Eingetreten, hörten wir im Chor gesprochen unaufhörlich die Worte „Heilig, Heilig,
Heilig". In der Mitte saß ein Mann mit schneeweißem Haar und jugendlichem Ge-
sicht, die Füße sahen wir nicht; je vier Alteste standen ihm zu den Seiten, hinter
ihnen noch viel mehr. Vor dem Throne hoben uns die Engel auf, und wir küßten
ihn, und er fuhr uns mit der Hand über die Augen. Weiterhin treten sie in den
Garten, finden viele Brüder — — uns alle sättigte ein unbeschreiblicher Duft (Passio
Perpetuae XI—XIII Robinson).

Zum Ende des Kapitels nehmen wir das eingangs Gesagte wieder auf, daß es
für den Zweck dieses Buches notwendig erschien, die christlichen Jenseitsvorstellungen
in ihren geschichtlichen Zusammenhang gestellt vorzuführen, also in den Rahmen der
entsprechenden Vorstellungen des gesamten Altertums.

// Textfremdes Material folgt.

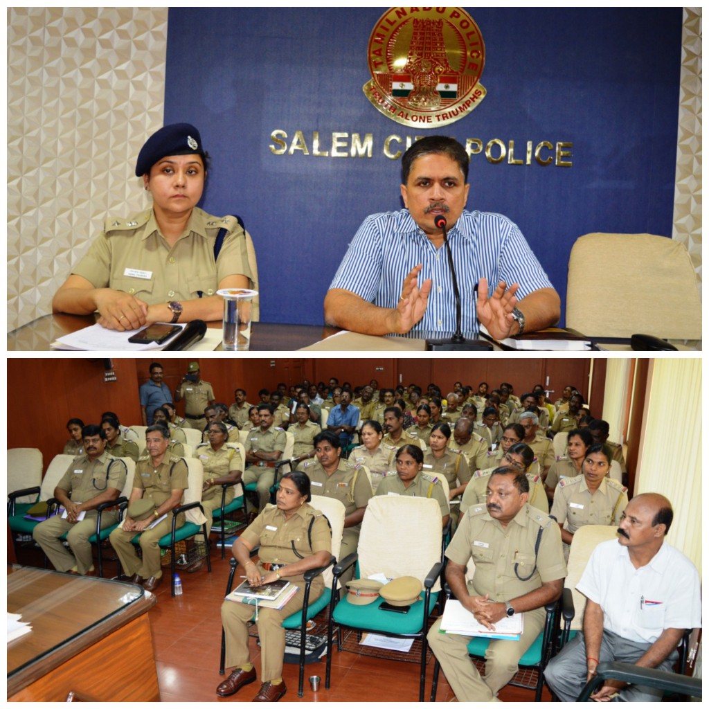 19/03/ 2019 ஆம் தேதி சேலம் மாநகர காவல் அலுவலகத்தில் உள்ள கலந்தாய்வு கூட்டத்தில் சேலம் மாநகரம், சேலம், நாமக்கல், தர்மபுரி மற்றும் கிருஷ்ணகிரி மாவட்டங்களை சேர்ந்த சுமார் 100 காவல் ஆளிநர்கள் கலந்து கொண்ட கலந்தாய்வு கூட்டத்தில் பெண்கள் மற்றும் குழந்தைகளுக்கு எதிரான குற்றங்கள் பிரிவு காவல் கண்காணிப்பாளர் திருமதி. சோனல் சந்திரா IPS அவர்கள் பங்கேற்று பெண்கள் மற்றும் குழந்தைகளுக்கு எதிரான குற்றங்கள் குறித்த வழக்குகளை கையாள்வது எப்படி என்பது குறித்து ஆலோசனைகள் வழங்கினார். இந்நிகழ்ச்சியில் உரையாற்றிய மாநகர காவல் ஆணையாளர் திரு.K.சங்கர் IPS அவர்கள் பெண்கள் மற்றும் குழந்தைகளுக்கு எதிரான குற்ற வழக்குகளில் காவல்துறையினர் கவனமுடனும் விரைந்து நடவடிக்கை எடுக்க வேண்டும். பாதிக்கப்பட்ட பெண்கள் மற்றும் குழந்தைகளின் அடையாளங்களை நீதிமன்றம் தவிர பொது இடங்களில் தெரிவிக்க கூடாது. அறிவியல் பூர்வமான வழக்கினை நிரூபிக்கத் தேவையான ஆதாரங்களை சேகரிக்க வேண்டும் என்று அறிவுரை வழங்கினார்.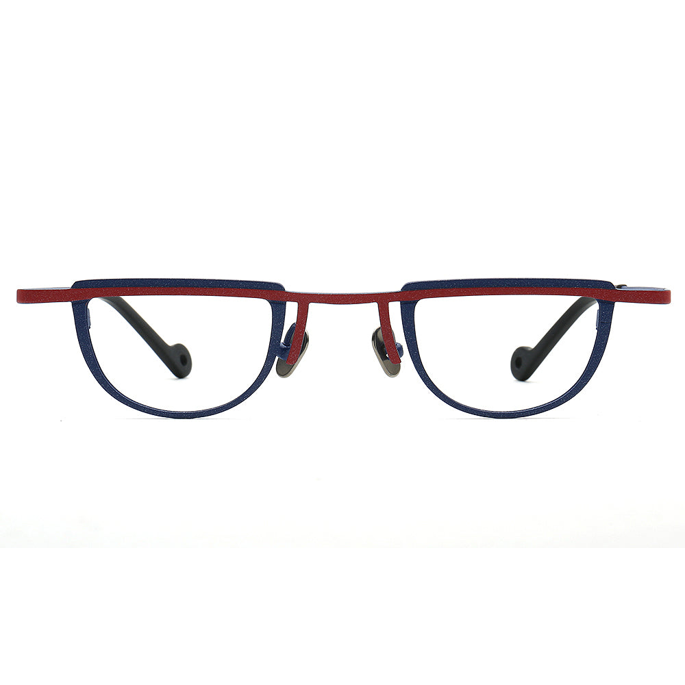 These fashionable, small geometric eyeglass frames are made of pure titanium material. They come in black/gunmetal, navy/red, black/yellow and green/orange color options. The narrow unique design allows these glasses to be worn by both men and women.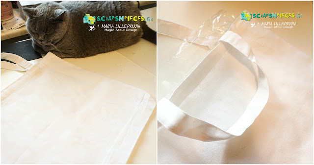 The bag, my assistant and me ready to start! First of all I put some plastic inside the bag to prevent my paints from leaking to its back side.

Aber wir durften nicht daran
denken, das schwierige und oft schlüpfrige Gebiet der mythenvergleichenden und
religionsgeschichtlichen Forschung zu betreten, oder zu den schwebenden Streitfragen
auch nur andeutend uns zu äußern. Es wird noch viel Wasser den Euphrat und
den Nil, den Kephissos und den Tiber hinablaufen, bis daran gedacht werden kann,
statt eines bloßen Schemas der antiken Jenseitsvorstellungen ihre lebendige Geschichte
zu geben. Wohl möglich jedoch und ein dankenswertes, in Teilen auch schon vor-
bereitetes Unternehmen wäre es, wenn ein so nüchterner wie durchdringender Kopf
eine kritische Darstellung der christlichen Jenseitsvorstellungen geben und einen
mythologischen Kommentar dazu schreiben wollte.